In Pakistan, authorities set April 30 as the date for a national referendum called by self-appointed President Pervez Musharraf on extending his rule for another five years. Authorities announced the date as General Musharraf held his first public rally to appeal for support.

General Musharraf took power in a bloodless coup in 1999, and later appointed himself president. The country's highest court endorsed his action, but ordered him to restore democracy within three years.

President Musharraf announced in a televised speech to the nation last week that he would hold the referendum. He reiterated his commitment to hold general elections in October. But he said he wants to stay in power to ensure that his economic, social and political reforms are not reversed by the future elected government.
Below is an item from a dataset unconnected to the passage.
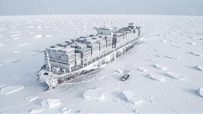 Грузовой корабль застрял в арктическом льду

All major political and religious parties in Pakistan have rejected the referendum as unconstitutional, and have called for a boycott. They say the country's constitution demands the president be elected by members of the two houses of parliament and four provincial assemblies.

General Musharraf has suspended the constitution, and has banned outdoor activities by political parties.

However, the military leader held a public rally in the eastern city of Lahore on Tuesday, launching what is effectively his election campaign. He urged the participants of the government-sponsored meeting to support his presidency in the referendum.

Analysts say General Musharraf is likely to win the referendum, but only by mobilizing the state-machinery and keeping a tight control on activities of political parties opposing the move.